Systemic issues raised

Other key failures exposed by the CAG included private hospitals performing procedures reserved for public hospitals, hospitals with pending penalties amounting to multiple crores of rupees, fraudulent database errors and spending on ineligible beneficiaries, and more systemic issues such as shortages of infrastructure, equipment and doctors at empanelled hospitals, as well as cases of medical malpractice.

According to the report, in the absence of adequate validation controls, errors were noticed in beneficiary databases, such as invalid names, unrealistic date of birth, duplicate PMJAY IDs, and unrealistic size of family members in a household.

‘Dead’ patients treated

The CAG report also said that patients earlier shown as “dead” continued to avail treatment under the scheme. The maximum number of such cases were in Chhattisgarh, Haryana, Jharkhand, Kerala and Madhya Pradesh. The minimum number of such cases were observed in the Andaman & Nicobar Islands, Assam, Chandigarh, Manipur and Sikkim.

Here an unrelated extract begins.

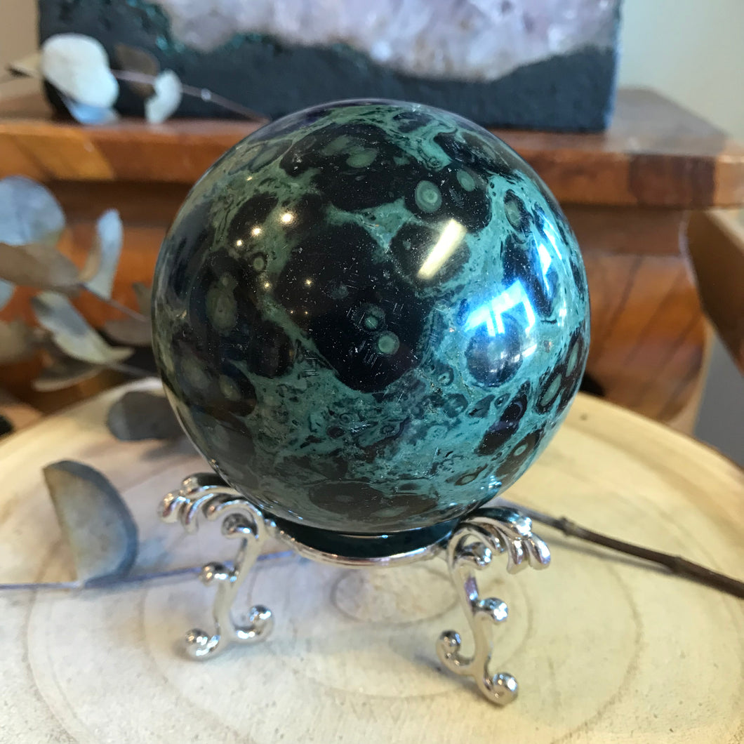I couldn’t resist this slightly larger sized, striking sphere of Kambaba Jasper. It’s a real beauty!

“Data analysis of mortality cases in the Transaction Management System (TMS) revealed that 88,760 patients died during treatment specified under the Scheme. A total of 2,14,923 claims shown as paid in the system, related to fresh treatment in respect of these patients,’’ said the report.

Pending penalties

The CAG also noted that penalties amounting to ₹12.32 crore from 100 hospitals were pending in nine States, and that in Andhra Pradesh and Punjab, private hospitals were performing procedures reserved for public hospitals.

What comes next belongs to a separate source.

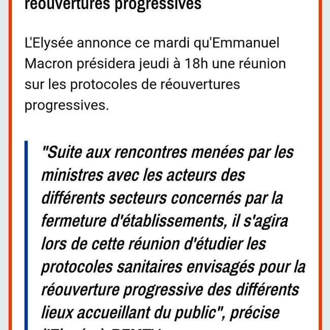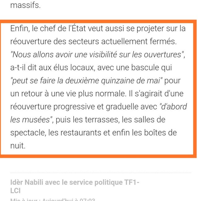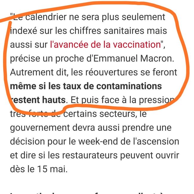 Bonjour les Fm, Je suis tombée sur cet article ce matin. Que comprenez vous ? Que la vie normal (ou à peu près) sera pour la quinzaine de mai ou alors que les ouvertures vont commencer seulement à la mi mai ? Merci

In six States and UTs, ineligible households were found to have registered as PMJAY beneficiaries and availed the benefits of the scheme. The expenditure on these ineligible beneficiaries ranged from ₹12,000 in Chandigarh to ₹22.44 crore in Tamil Nadu. In nine States and UTs, there were delays in processing of rejection cases. The delay ranged from one to 404 days.

In several States and UTs, the available equipment in empanelled hospitals were found to be non-functional.